── Records supplied
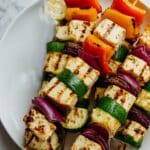 While not ideal to freeze after grilling because halloumi’s texture can change, you can freeze the marinated halloumi cubes before grilling for up to 2 months. Just thaw thoroughly in the fridge before threading onto skewers and grilling fresh.
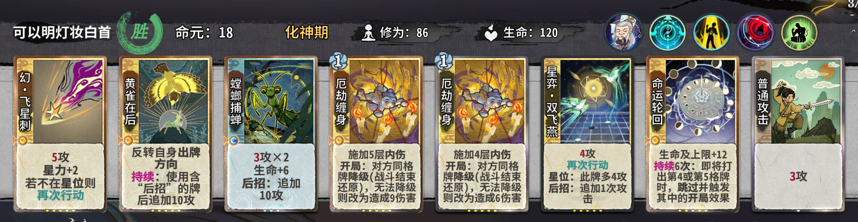 如果没有海底,一号位/四号位可以用消耗牌代替,八号位在金丹期同样可以塞血光、吉运等命理牌
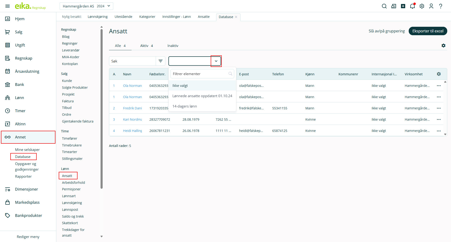 1. Gå til Lønn i venstremenyen og velg Ansatte.
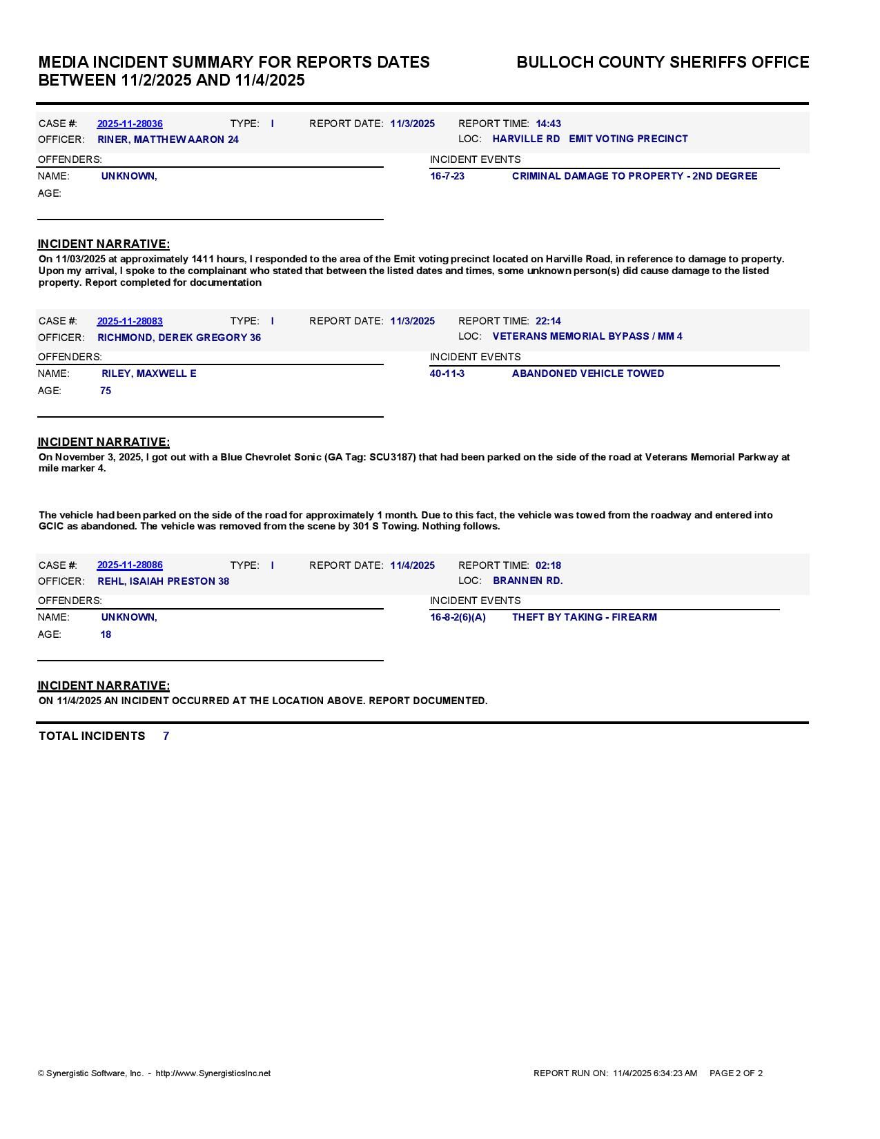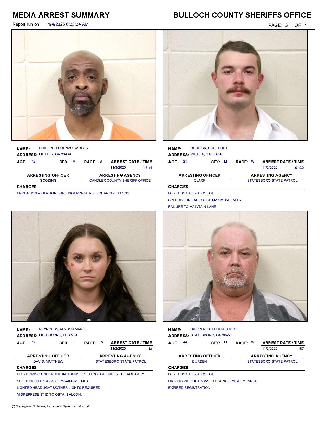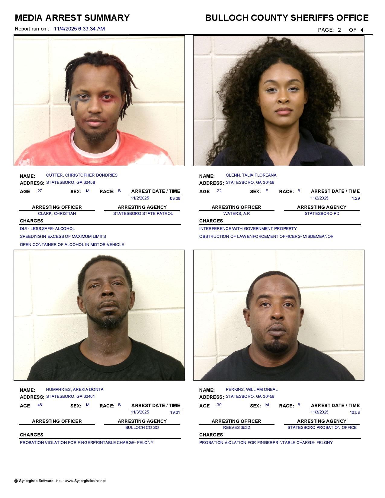 The Bulloch Co Jail Booking & Incident Report 11/04/25 details arrests from Bulloch Co., Statesboro, Brooklet, Portal, Register, and the Georgia State Patrol. Incident reports are from the Sheriff’s Office only.
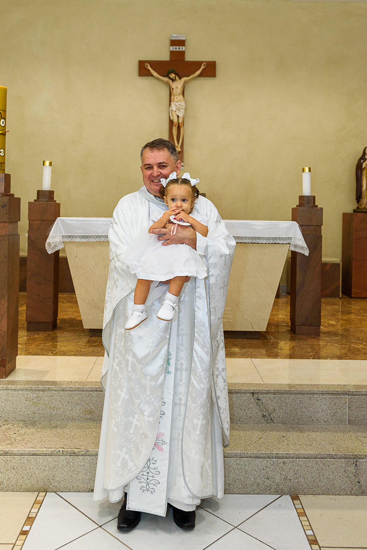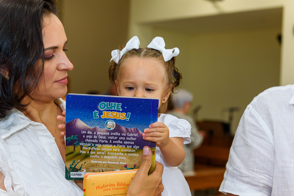 A pequena Laura estranhou um pouco no dia do seu batismo. Afinal, esse dia foi bem diferente do que estava acostumada. Mas tenho certeza que quando estiver maior, terá essa recordação do dia em que iniciou sua caminhada na fé.
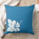 En vit silhuett av en hibiscus blomma är högdagern på den djärva blåbär färgaden dekorativ kudde.
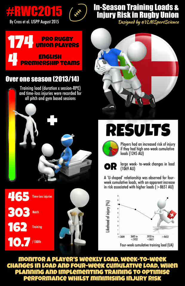 Purpose: To explore the association between in-season training-load (TL) measures and injury risk in professional rugby union players. Methods: This was a 1-season prospective cohort study of 173 professional rugby union players from 4 English Premiership teams. TL (duration × session-RPE) and time-loss injuries were recorded for all players for all pitch- and gym-based sessions. Generalized estimating equations were used to model the association between in-season TL measures and injury in the subsequent week. Results: Injury risk increased linearly with 1-wk loads and week-to-week changes in loads, with a 2-SD increase in these variables (1245 AU and 1069 AU, respectively) associated with odds ratios of 1.68 (95% CI 1.05-2.68) and 1.58 (95% CI 0.98-2.54). When compared with the reference group (<3684 AU), a significant nonlinear effect was evident for 4-wk cumulative loads, with a likely beneficial reduction in injury risk associated with intermediate loads of 5932-8651 AU (OR 0.55, 95% CI 0.22-1.38) (this range equates to around 4 wk of average in-season TL) and a likely harmful effect evident for higher loads of >8651 AU (OR 1.39, 95% CI 0.98-1.98). Conclusions: Players had an increased risk of injury if they had high 1-wk cumulative loads (1245 AU) or large week-to-week changes in TL (1069 AU). In addition, a U-shaped relationship was observed for 4-wk cumulative loads, with an apparent increase in risk associated with higher loads (>8651 AU). These measures should therefore be monitored to inform injury-risk-reduction strategies.
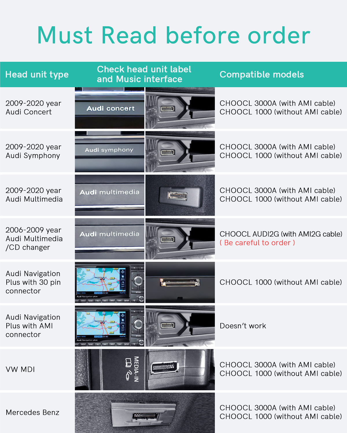 CHOOCL Bluetooth 5.0 aptX-HD adapter for Audi with 30-pin connection cable (2010-2019), MMI 3G system, Bluetooth receiver for Mercedes with original iPod interface cable (2005-2011)
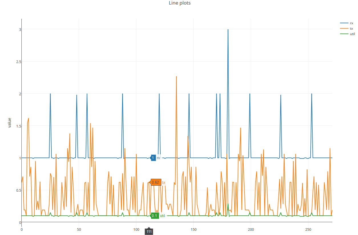 #!/usr/bin/env pythonimport plotly.offline as pltoffimport plotly.graph_objs as godef line_plots(name="line_plots.html"): dataset = { 'time': [], 'rx': [], 'tx': [], 'util': [] } with open("./log.txt") as f: i = 0 for line in f: items = line.split() dataset['time'].append(i) dataset['rx'].append(items[0]) dataset['tx'].append(items[1]) dataset['util'].append(items[2]) i += 1 data_g = [] # 構建 time - rx 數據關系,折線圖 tr_rx = go.Scatter( x = dataset['time'], y = dataset['rx'], name = 'rx') data_g.append(tr_rx) tr_tx = go.Scatter( x = dataset['time'], y = dataset['tx'], name = 'tx') data_g.append(tr_tx) tr_util = go.Scatter( x = dataset['time'], y = dataset['util'], name = 'util') data_g.append(tr_util) # 設置圖表布局 layout = go.Layout(title="Line plots", xaxis={'title':'time'}, yaxis={'title':'value'}) fig = go.Figure(data=data_g, layout=layout) # 生成離線html pltoff.plot(fig, filename=name)if __name__=='__main__': line_plots()生成圖表如下所示 :
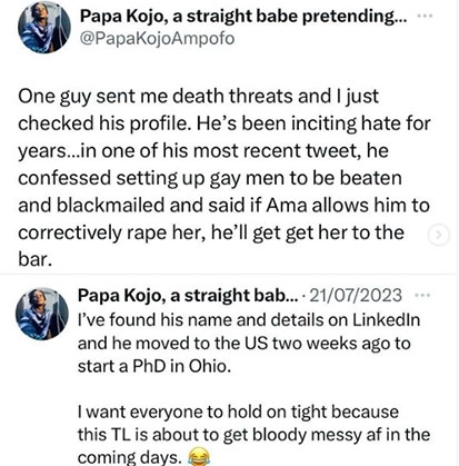 He wrote on Twitter: “One guy sent me death threats and I just checked his profile. He’s been inciting hate for years…in one of his most recent tweet, he confessed setting up gay men to be beaten and blackmailed and said if Ama allows him to correctively rape her, he’ll get her to the bar.
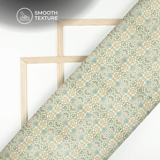 -11% offCream and Viridian Green Trellis Pattern Digital Print Pure Cotton Mulmul Fabric Cream and Viridian Green Trellis Pattern Digital Print Pure Cotton Mulmul Fabric
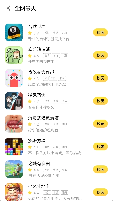 小米秒玩小游戏软件是一款稳定安全的手机小游戏平台应用,用户无需下载安装包就能直接启动游戏。平台拥有海量丰富的游戏资源,覆盖休闲、竞技、角色扮演等多种类型,还支持实时更新与自动适配不同手机型号,保障玩家获得优质的游戏体验。另外,正版应用具备智能推荐游戏、实时排行榜等功能,方便玩家轻松找到热门游戏。
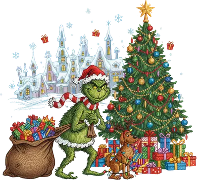 Grinch Stealing Christmas Gifts DTF Transfer with Max & Tree
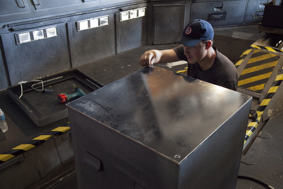 The cryosleep pods were made out of foam-core board, cardboard, and various pieces of junk – tubes and wiring – all attached to a wooden frame. They only weighed about 15 pounds, so one crewmember could move them. The table in the mess hall was fashioned by bolting two plastic pallets together and covering them with scrap pieces of Plexiglass.
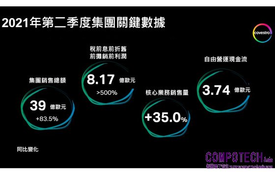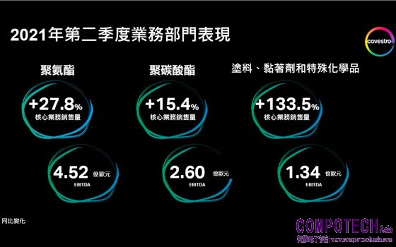 聚碳酸酯業務板塊2021年第二季度核心業務銷售量同比增加15.4%,主要得益於汽車和運輸產業在各大區域取得的銷量成長。因總銷售量和銷售價格上升,該板塊銷售額增長56.6%,至10億歐元左右(去年同期:6.48億歐元)。因利潤率大幅提升以及總銷售量上漲,EBITDA增至2.6億歐元 (去年同期:9,600萬歐元)。
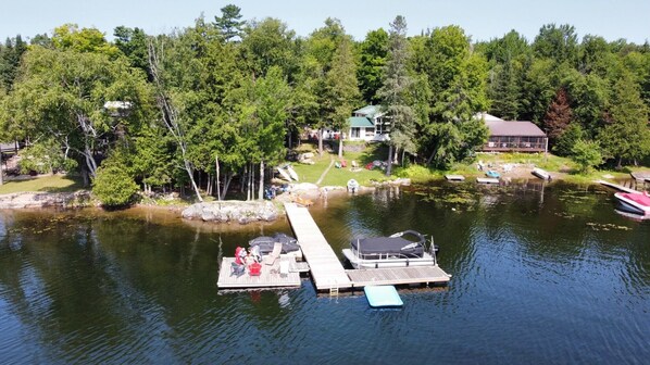 Welcome to beautiful Chandos Lake. This cottage is perfect for extended family/friends. 2 separate areas, each with their own fully equipped kitchens (including a Keurig coffee machine), full bathrooms and a total of 5 bedrooms. Easy access, lots of parking and a level lot. There is a large dock and there are multiple decks to hang out on. Jump right in off the dock (7 feet deep) or walk right in from the small sandy beach. There is a fire pit with lots of firewood, a horseshoe pit, 2 kayaks, a small pedal boat, lots of pool noodles, 2 bbq's, 3 patio tables and lots of chairs. A small tin boat with a small motor is also available for those who have their boating license. For rainy days or evenings there are lots of games and a large TV/DVD player and a variety of DVD's. All bedrooms without bunk beds have a ceiling fan. Rooms with bunk beds have standup fans. The cottage is not pet friendly (due to allergies) and while there is good cell service, there is no wifi. The local marina's serve Kawartha Dairy Ice Cream and have worms for fishing, there are a few local restaurants/pubs within a 15 minute drive and the Gut Conservation Area is located close by.
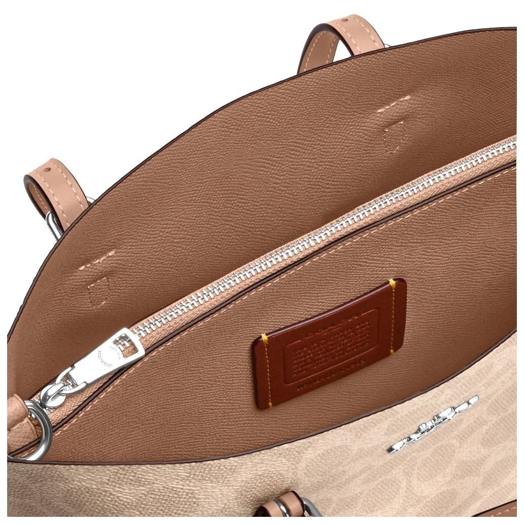 코치 몰리 토트백 25의 가장 큰 매력은 바로 고급스러운 시그니처 코팅 캔버스 소재예요. Sand/Taupe 컬러 조합이 정말 은은하고 세련돼서 어떤 스타일에도 잘 어울린답니다. 캐주얼한 데님룩에도, 여성스러운 원피스에도 찰떡! 👍 데일리백으로 손색이 없어요.
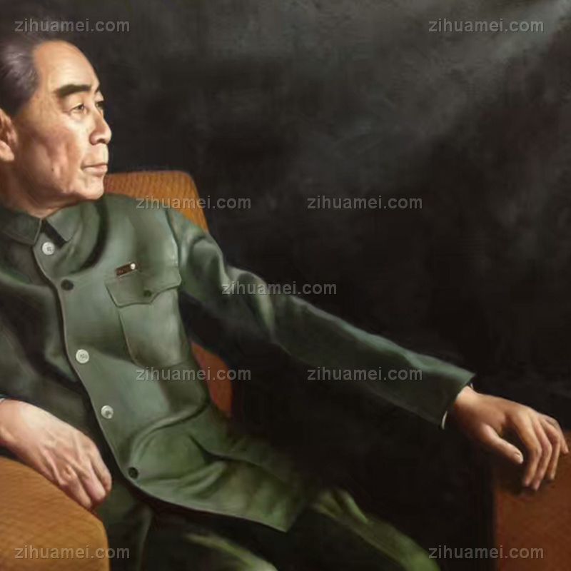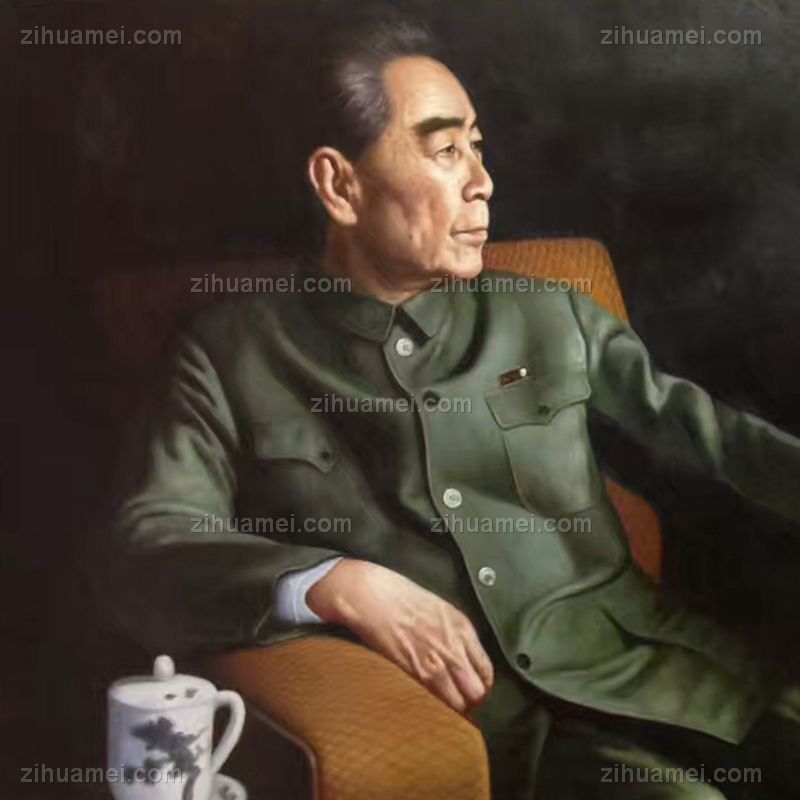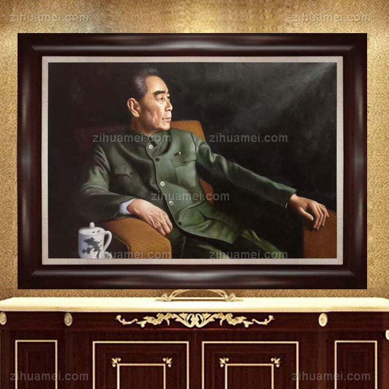• 纯手绘手工 人物肖像油画 伟人 周恩来 中式油画 家庭挂画 酒店挂画 办公室挂画
────
**Work item**
All that is wanted is the lines above between the one containing "The Bulloch Co" and the one containing "A pequena Laura", inclusive, restated word for word, with pictures omitted.

**Solved problem**
 The Bulloch Co Jail Booking & Incident Report 11/04/25 details arrests from Bulloch Co., Statesboro, Brooklet, Portal, Register, and the Georgia State Patrol. Incident reports are from the Sheriff’s Office only.
 A pequena Laura estranhou um pouco no dia do seu batismo. Afinal, esse dia foi bem diferente do que estava acostumada. Mas tenho certeza que quando estiver maior, terá essa recordação do dia em que iniciou sua caminhada na fé.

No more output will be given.